Ollama Local LLMs 8 min read

Ollama Guide: Run Local LLMs on Your Mac or PC (2025)

Ollama guide 2025 — install on Mac/Windows/Linux (3 steps), run Llama 3.3/Mistral/Phi-3/DeepSeek locally, CLI commands (pull/run/list/rm), REST API at localhost:11434 (OpenAI-compatible), Open WebUI ChatGPT-like interface via Docker, use with Cursor via Continue extension. Free, private, offline, no API costs.

1. What is Ollama?

Ollama is a free, open-source tool that lets you run large language models locally on your Mac, Windows PC, or Linux machine. No internet connection required once models are downloaded — all processing stays on your device. Think of it as “Docker for LLMs” — simple CLI commands to pull and run models.

Models you can run with Ollama

Llama 3.3 / 3.2 / 3.1 — Meta's flagship open models
Mistral / Mixtral — great for coding and reasoning
Phi-3 / Phi-4 — Microsoft's fast small models
DeepSeek-R1 — strong reasoning model
Gemma 2 / CodeGemma — Google's open models
Qwen / CodeLlama — coding-focused models

100+ models available at ollama.com/library

Hardware requirements by model size

Model VRAM (GPU) RAM (CPU only) Notes
Llama 3.2 1B 1GB VRAM 4GB RAM Runs on any modern machine
Llama 3.2 3B 2.5GB VRAM 8GB RAM Good quality for the size
Phi-3 Mini 4B 3GB VRAM 8GB RAM Microsoft's small model
Llama 3.1 8B 5GB VRAM 8GB RAM Good balance quality/speed
Mistral 7B 5GB VRAM 8GB RAM Good for coding and reasoning
Llama 3.3 70B 40GB VRAM 40GB RAM Frontier-level quality
DeepSeek-R1 70B 40GB VRAM 40GB RAM Strong reasoning

Use cases

Private local AI — no data leaves your machine
Offline development assistant — code anywhere, no internet needed
Running AI in airgapped or enterprise environments
Experimenting with open-source models for free — no API costs
Building apps with local inference — no cloud dependency

2. Install Ollama (3 steps)

Installation takes under 5 minutes on any platform.
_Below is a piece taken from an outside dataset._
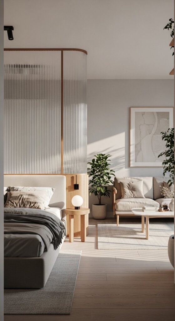 Fluted glass separates spaces without closing them off. Light passes through while lines blur details. This keeps privacy without darkness. Use black or brass frames for contrast, or wood for warmth. DIY kits with acrylic panels reduce cost. Install dividers from floor to ceiling for impact, or half-height for flexibility. Soft zoning helps studios feel organized without walls. This works for work areas, sleeping zones, or entryways. Keep surrounding decor minimal so the divider remains the focal point.
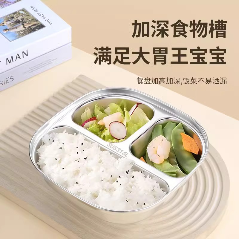 316不锈钢儿童餐盘分格宝宝男女小孩吃饭盘婴幼儿园专用餐具饭碗

Ollama runs as a background service and starts automatically on login.

1

Go to ollama.com — click Download

Navigate to ollama.com and click the Download button. Installers are available for macOS (Apple Silicon + Intel), Windows 10/11, and Linux.

2

Run the installer and follow prompts

On Mac: drag Ollama to Applications and launch it. On Windows: run the .exe installer. Ollama runs as a background service and an icon appears in your menu bar / system tray.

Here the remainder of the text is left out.